On pourrait se demander si notre "mécanisation" du pigeon n'est pas simplement une mode dans l'ère actuelle de l'intelligence artificielle. Le lecteur sera peut-être surpris d'apprendre que les efforts visant à comprendre le comportement et la cognition des animaux par analogie avec les machines ont commencé de manière très célèbre avec les écrits de l'illustre philosophe français René Descartes (1596-1650).
Dans sa Lettre au marquis de Newcastle33 (1646), Descartes affirme que les animaux ne sont rien d'autre que des mécanismes bestiaux - des bêtes-machines.34,35 Descartes est prêt à admettre que les animaux ont des sensations et des passions, mais il considère qu'elles ne sont rien d'autre que des réactions organiques. Au-delà de cette concession limitée, cependant, Descartes soutenait que les animaux n'avaient pas de pensée et de langage, qu'ils n'avaient pas d'abstraction, de mathématiques et de métacognition et, surtout, qu'ils n'avaient ni esprit ni "âme rationnelle", ce qui les empêchait de s'engager dans des processus cognitifs complexes. Pour Descartes, la capacité de raisonner - qu'il appelait l'instrument universel38 - permet aux seuls humains de répondre de manière adaptative et flexible à toutes les conditions et de parvenir à maîtriser la nature.
Notre projet relègue au second plan ces réflexions philosophiques controversées sur l'esprit et la raison. Pour nous, traiter le pigeon comme une machine - le pigeon-machine - est une entreprise purement heuristique. Nous espérons ainsi mieux comprendre les éventuels mécanismes biologiques qui sous-tendent les performances prolifiques du pigeon en matière de catégorisation.
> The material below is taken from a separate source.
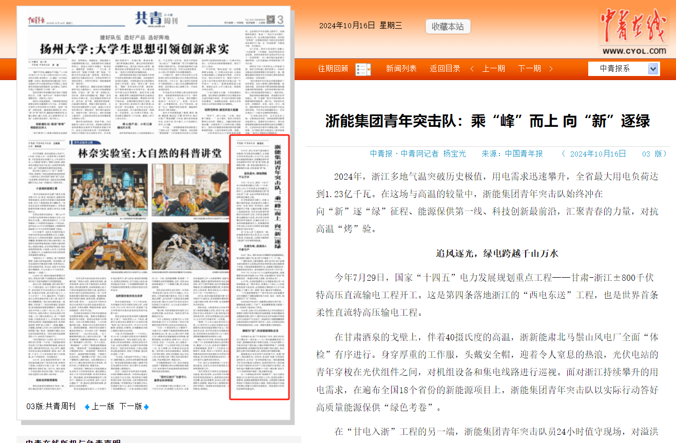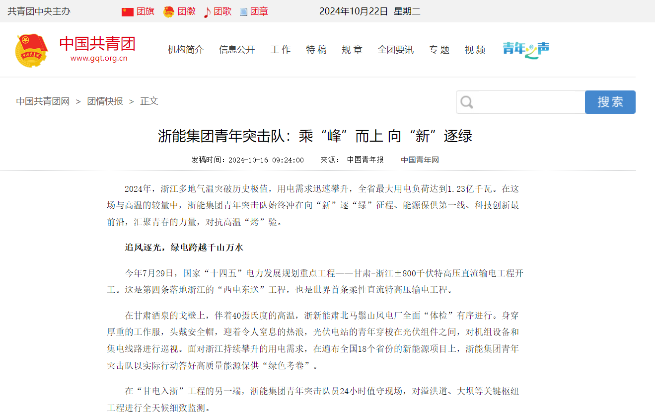編者按:浙能集團(tuán)青年突擊隊(duì)在2024年浙江多地氣溫突破歷史極值、用電需求迅速攀升的情況下,始終沖在向“新”逐“綠”征程、能源保供第一線(xiàn)、科技創(chuàng)新最前沿,匯聚青春的力量,對(duì)抗高溫“烤”驗(yàn)”。10月16日,中國(guó)青年報(bào)、共青團(tuán)中央官網(wǎng)等平臺(tái)刊發(fā)《浙能集團(tuán)青年突擊隊(duì):乘“峰”而上 向“新”逐綠》,聚焦浙能青春力量。

La constatation la plus surprenante est peut-être que les travaux actuels sur l'apprentissage automatique en sont venus à déployer des algorithmes associatifs pour résoudre de nombreuses tâches difficiles de catégorisation. Ce n'est peut-être pas un hasard. Le processus évolutif de la nature dans la création de l'apprentissage associatif peut très bien servir de modèle analogue pour les informaticiens qui intègrent ce puissant algorithme dans leurs propres systèmes informatiques artificiels.
Limites de l'étude
L'une des limites de l'étude est que nous n'avons exploré qu'un seul type de modèle d'apprentissage associatif et que nous n'avons pas exploré d'autres mécanismes susceptibles de sous-tendre les profils d'apprentissage des pigeons. En ce qui concerne les mécanismes supplémentaires, étant donné que le mécanisme d'apprentissage associatif pur a été en mesure de capturer tous les modèles comportementaux qualitatifs dans les quatre tâches, il serait peu probable de trouver des preuves quantitatives de mécanismes plus sophistiqués. En ce qui concerne les modèles associatifs alternatifs, bien que nous ayons choisi de ne pas explorer d'autres types d'associations, nous soupçonnons que nombre d'entre eux s'avéreraient tout aussi efficaces. Il est certainement possible que, dans des conditions expérimentales différentes, les pigeons présentent des stratégies d'apprentissage plus sophistiquées qui nécessiteraient des recherches plus approfondies sur d'autres systèmes ou mécanismes d'association. Comme nous ne pouvons pas exclure cette possibilité, nous reconnaissons cette limitation et réservons ces recherches pour des travaux futurs.